As in other outbreak situations, multiple bacteria contaminated the water; Campylobacter jejuni
was also detected, and coinfection occurred. It is possible that exposure misclassification could have attenuated the association, if one exists. However, because the infectious dose of E. coli
O157:H7 is much lower than that of Campylobacter
(10–100 cells v. 500–10 000 cells),1
it is unlikely that a participant with acute gastroenteritis was unexposed to E. coli
It is possible that the apparent protective association between mild illness and cardiovascular disease could have resulted from unmeasured or residual confounding if those who suffered only mild illness after infection with E. coli O157:H7 were selectively healthier than the average individual.

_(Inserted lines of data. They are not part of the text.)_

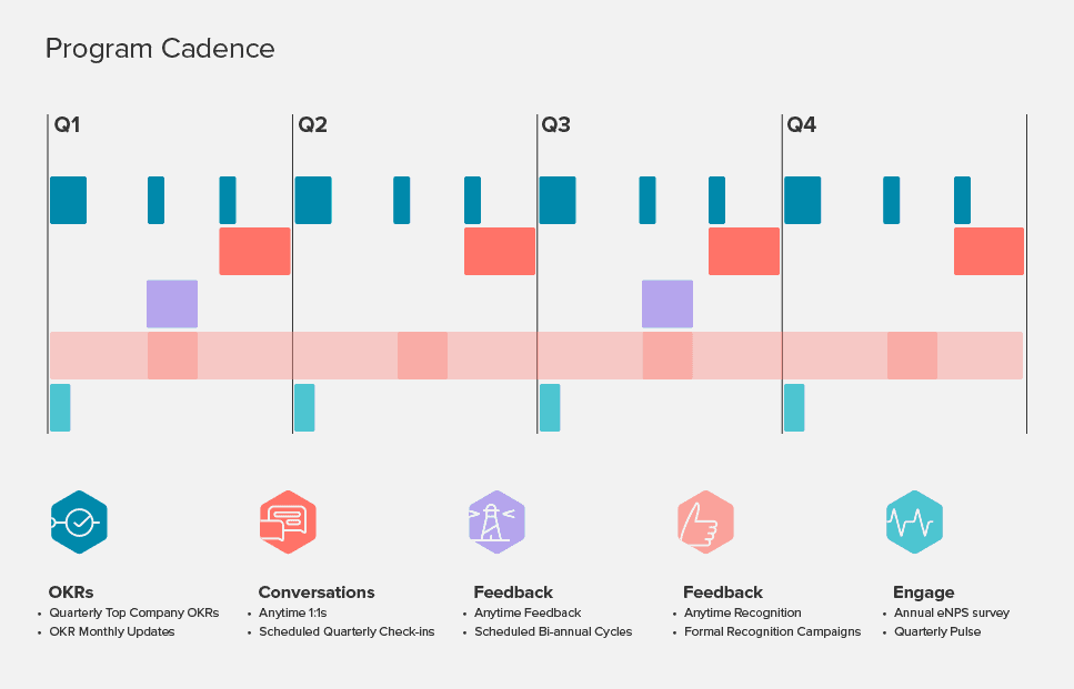 The cadence of a mid-quarter check-in we found to be timely, specific, and relevant. Approaching OKRs as editable helped to keep employees motivated and engaged. The check-in provided employees with the opportunity to talk about with their managed and make necessary adjustments to ensure they are successful in what they’re trying to achieve. It also was a good opportunity for managers to support employees and help them work through or roadblocks.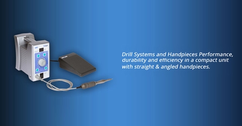Powerful, reliable and cost efficient drill system. Straight and angled handpieces for the drill accept standard burs.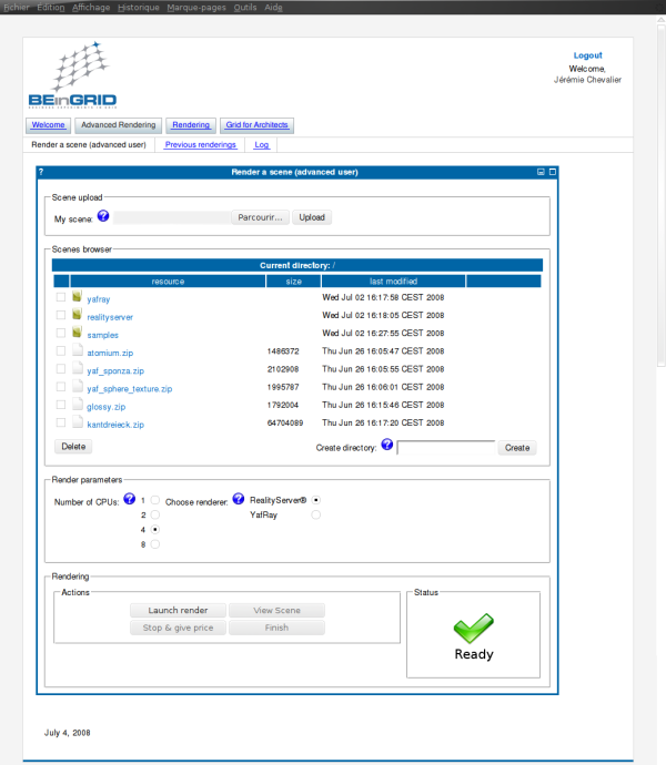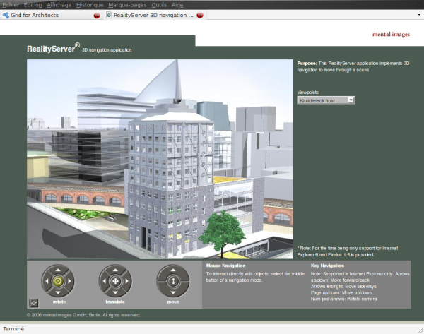 L’expertise du CETIC dans les domaines de l’ingénierie des exigences, des middlewares Grid (Globus), des portails applicatifs (Gridsphere) et de la sécurité, a permis à ses chercheurs de relever, à l’aide de ses partenaires, les différents défis posés par « Virtual Reality for Architects ». Tout d’abord, une analyse des besoins des utilisateurs finaux, c’est-à-dire les architectes, a dû être conduite. Ensuite, une étude portant sur les solutions de rendu 3D fournies par mental images® a été menée. Parmi ces dernières, le moteur de rendu 3D en temps réel, RealityServer®, se démarqua. Celui-ci permet de naviguer interactivement dans une scène en trois dimensions, ses calculs étant distribués sur une ou plusieurs ressources informatiques centralisées dans un même réseau local. La deuxième solution sélectionnée, mental ray®, effectue plus conventionnellement un rendu sur image fixe. Pour permettre à ces applications de s’exécuter de façon optimisée sur plusieurs ressources distinctes et géographiquement distribuées, des efforts ont dû être fournis afin d’intégrer ces moteurs 3D dans une application Grid. Un portail Web a ensuite été développé, permettant aux utilisateurs de soumettre aisément leur scène tout en spécifiant les paramètres d’exécution. En cliquant simplement sur un bouton, après avoir choisi le mode de rendu adéquat (temps réel ou fixe), l’application affiche à l’écran le résultat du traitement, sans contrainte matérielle ou logicielle particulière. A la fin du rendu, l’utilisateur est informé du coût qui lui sera facturé, sur une base de tarif par Gigahertz et par heure. Derrière cette apparente simplicité se cache bon nombre de mécanismes ayant été développés pour les besoins de l’application.
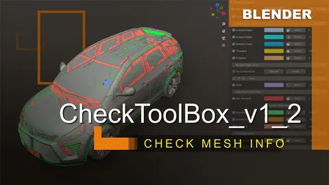 CheckToolBox provides real-time mesh topology inspection and error highlighting in Edit Mode. The tool visually identifies specific geometric properties such as poles, triangles, N-gons, doubles, and non-manifold geometry by applying shading color overlays directly onto the 3D model. It includes features to count isolated points, edges, faces, intersections, distortions, and degenerate polygons, as well as displaying face orientation.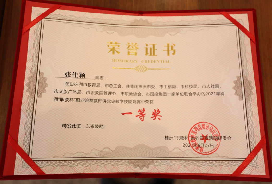 6月27日,在2021年株洲“职教杯”职业院校教师讲党史教学技能竞赛中,九州网页版建筑装饰系教师张佳颖荣获一等奖,并被授予株洲市“五一劳动奖章”。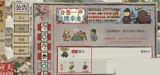 镖车获取方式:点击进入州府界面,找到公告板块,在活动栏目中选择【合吾一声镖车走】,消耗1000木板和1000布这两种资源,即可兑换获得镖车。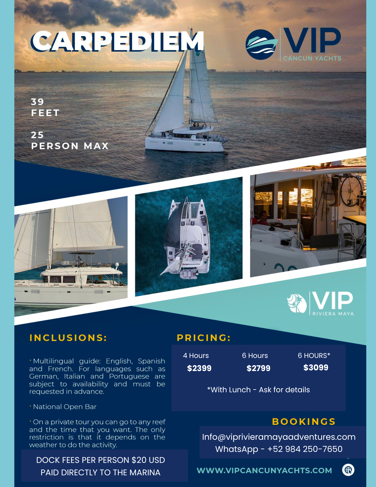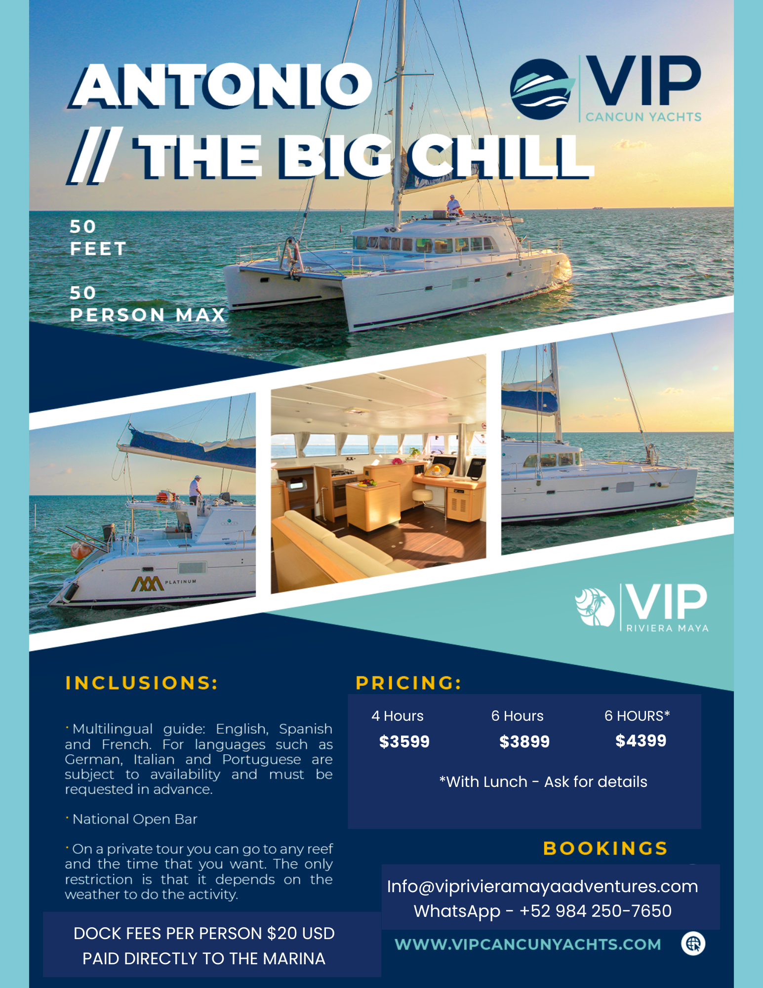 When possible, we’ll send a member of our team on board with you to make sure your experience is a memorable one, if not the most memorable of your entire vacation! At VIP Cancun Yachts we don’t throw around the word “VIP” lightly. You are treated like a VIP from the moment you meet us to the moment we part ways. We are at your service.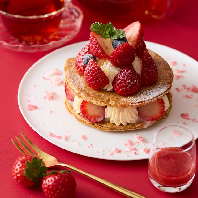 ティールームのルミネ有楽町、東京スカイツリータウン・ソラマチ、紙屋町シャレオでは、甘酸っぱい苺を使ったフルーツミルフィーユが、2025/12/26から順次登場します。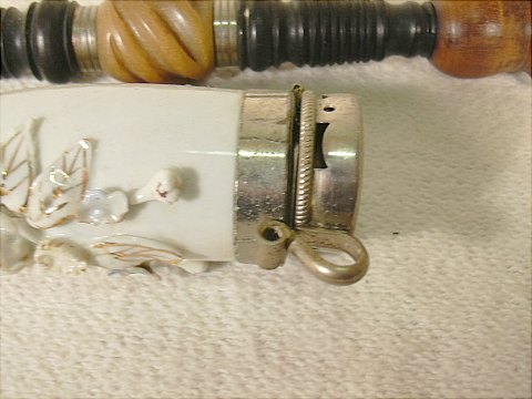Flot gammel porcelæns langpibe med sølv beslag og blomster dekoration.

Finally, because of the observational nature of the study, we can only establish the lack of an association and not the lack of a causal relation. Nonetheless, the contamination of Walkerton’s municipal water was a disastrous event in a well-defined population, and we controlled for many confounders using exclusions and statistical adjustments. Additionally, the absence of an elevated risk was consistent across all outcomes; unadjusted hazard ratios were either nonsignificant or less than one. This strongly supports our findings of no increased risk of cardiovascular events or death in this population.
This study provides evidence that the risk of major cardiovascular events was not higher in Walkerton in the decade following the E. coli O157:H7 outbreak. This may be partly explained by active surveillance and treatment for conditions such as hypertension, which may prevent cardiovascular events.